I went to my first class yesterday. It also happened to be the first meeting of the year for ASSA Johannesburg‘s telescope making class, held in the workshop of Parktown Boys High School. I was surprised by how few people were present, but I was assured that this was because most people are still away on holiday, and things will really come to life over the next few weeks. As it was, there were only two people present grinding mirrors, myself included. I arrived at the venue to find two people I already knew (Johan Smit and Bosman Olivier), with their completed telescopes set up on the lawn. After chatting a bit about telescope making and the path ahead, and showing me some of the finer technical details of their scope’s construction (Who knew that a piece of angle iron, two bolts and a pair of hair elastics could make such an elegant and effective finder scope mounting?), we headed inside.
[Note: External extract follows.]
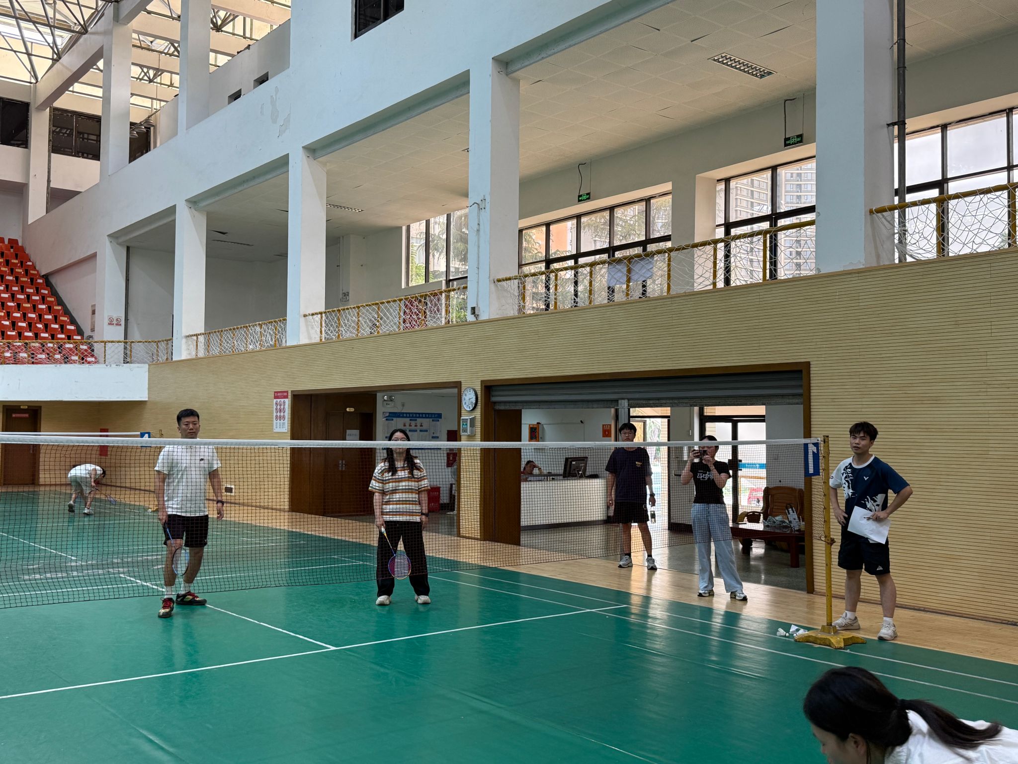 比赛设置了男子单打、女子单打及混合双打三个项目,采用分组循环赛与淘汰赛结合的友谊赛制。选手们从小组赛开始便全力以赴,扣杀、吊球、扑救等精彩场面频现,展现出扎实的技术功底与默契的团队配合。混合双打项目中,搭档间的战术讨论与相互鼓励成为赛场上一道亮丽的风景线。学院为优胜者颁发了奖状及纪念奖品。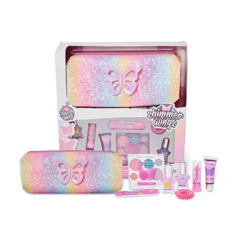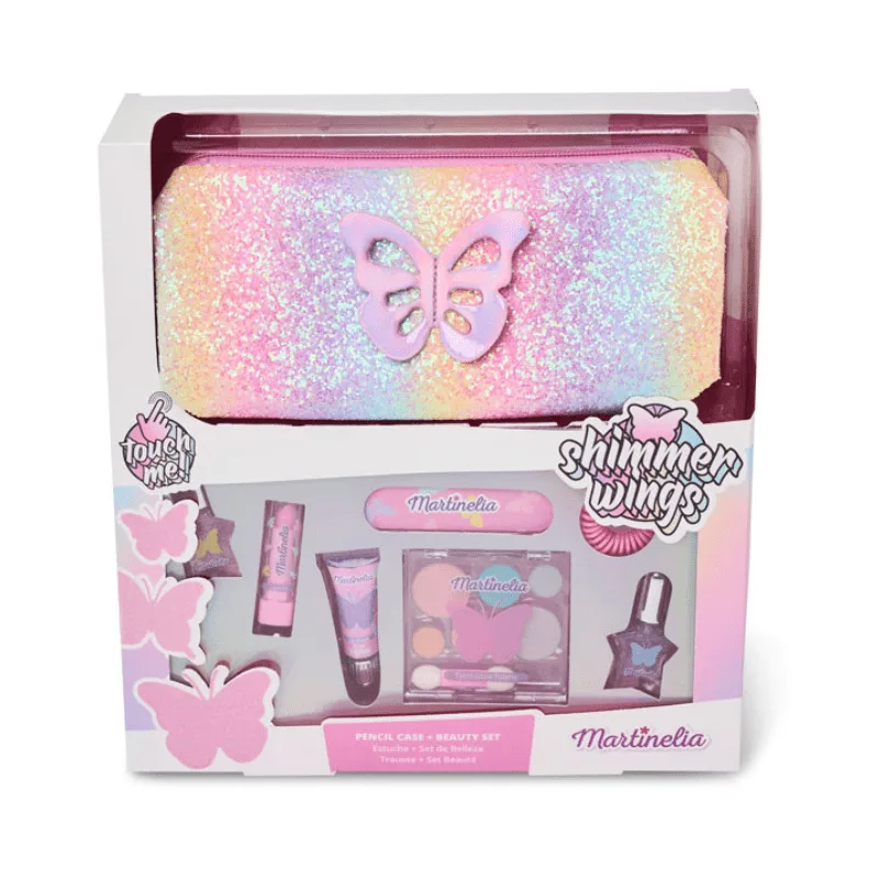 Ένα υπέροχο σετ ομορφία Shimmer Wings Glittered Pencil Case & Beauty από την Martinelia με μια εκπλικτικά όμορφη και λαμπερή θήκη για τα καλλυντικά σου.

They made me sign a waiver, promising not to sue the class or the school if I injured myself on their machinery, selected a relatively blemish-free six inch mirror blank and tool, and set me up. One brief lecture and demonstration later, and I was grinding glass! Time passed quickly, and before long it was time to head home.
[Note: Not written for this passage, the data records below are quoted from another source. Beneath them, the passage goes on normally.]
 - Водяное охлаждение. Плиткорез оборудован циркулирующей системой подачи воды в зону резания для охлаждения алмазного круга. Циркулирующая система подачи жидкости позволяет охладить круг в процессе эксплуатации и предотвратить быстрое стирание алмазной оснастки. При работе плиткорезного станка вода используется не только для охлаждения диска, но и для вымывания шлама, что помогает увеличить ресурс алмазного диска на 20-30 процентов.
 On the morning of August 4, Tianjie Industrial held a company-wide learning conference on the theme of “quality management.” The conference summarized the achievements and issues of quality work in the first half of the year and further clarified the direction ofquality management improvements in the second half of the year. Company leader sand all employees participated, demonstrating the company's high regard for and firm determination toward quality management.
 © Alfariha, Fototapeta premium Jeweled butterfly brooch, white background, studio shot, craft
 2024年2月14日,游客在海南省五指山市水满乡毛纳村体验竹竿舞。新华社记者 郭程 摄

So what exactly did I do? Well as already mentioned, I’m making a six inch mirror. Since I’ve never done anything like this before, I’m taking the advice of all the experts and keeping it simple. I will be making a six inch f/8 Newtonian telescope, on a Dobsonian style alt-azimuth mount. This will be a simple, general-purpose first scope, but since I intend to build something far more ambitious as a second (or third) effort, I’m going to do my best to get the optics as perfect as possible. I want to be good at this!
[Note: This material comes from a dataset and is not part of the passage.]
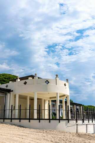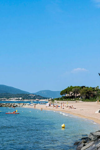 Large anse de sable abritée de la circulation et protégée de la vue des habitations par une haie naturelle de pins. Suivre la digue sur la gauche : un 'temple' grec donne un autre cachet à cette plage de la Côte d'Azur.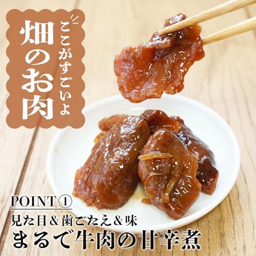 大豆をたんぱくにお肉に見立て、甘辛く美味しく味付けしました。

But back to the class. The advice simply never stopped coming. Now I have done a LOT of reading on the subject over the last few months. I’ve even read all three volumes of Amateur Telescope Making. But I didn’t want to come across as the newbie who thinks he knows everything so I kept quiet while the very basics were explained to me. This turned out to be a wise decision, as these guys were all speaking from personal experience. All that dry, intimidating theory was turned into easily applied practice.
I clearly have a lot still to learn. Although I achieved a lot in the two hours of actual grinding, my strokes were uneven and poorly controlled. It will be a while before I properly master the simple motions needed. But that’s the point of the class – people with experience can see your mistakes and point them out, saving you a great deal of time and heartache from learning the hard way. I’m confident I’ll learn a lot!